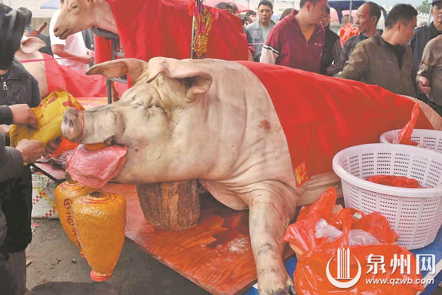 泉州网3月5日讯 (融媒体记者张晓玲 通讯员白南华 文/图)3月3日,安溪龙门榜头村华汤白氏宗祠举行了“赛大猪”民俗活动。
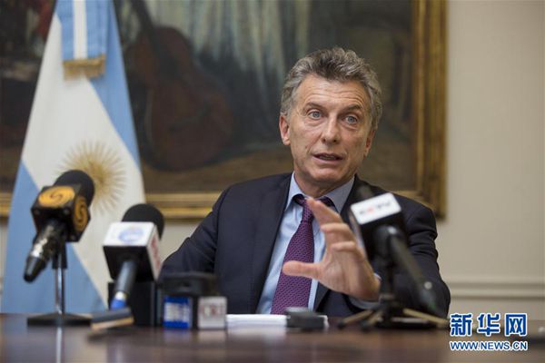 2017年5月,在阿根廷首都布宜諾斯艾利斯,阿根廷總統(tǒng)毛里西奧·馬克里接受采訪時(shí)表示,“一帶一路”將促進(jìn)阿中交流和互聯(lián)互通。圖片來源:新華社
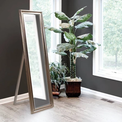 Our Taylor Mirror is a great piece for a dressing room or in the corner of a sitting room. It has an easel back so it can stand all on its own. It features a simple yet sleek, rectangular ribbed frame. It is then finished in a bright silver leaf. Perfect for any look from modern to traditional. The glass of the mirror is beveled adding to its beauty and style.

######

- What you should do -
A verbatim copy of the data, with all pictures omitted, is the required output.

- Output of the task -
 泉州网3月5日讯 (融媒体记者张晓玲 通讯员白南华 文/图)3月3日,安溪龙门榜头村华汤白氏宗祠举行了“赛大猪”民俗活动。
 2017年5月,在阿根廷首都布宜諾斯艾利斯,阿根廷總統(tǒng)毛里西奧·馬克里接受采訪時(shí)表示,“一帶一路”將促進(jìn)阿中交流和互聯(lián)互通。圖片來源:新華社
 Our Taylor Mirror is a great piece for a dressing room or in the corner of a sitting room. It has an easel back so it can stand all on its own. It features a simple yet sleek, rectangular ribbed frame. It is then finished in a bright silver leaf. Perfect for any look from modern to traditional. The glass of the mirror is beveled adding to its beauty and style.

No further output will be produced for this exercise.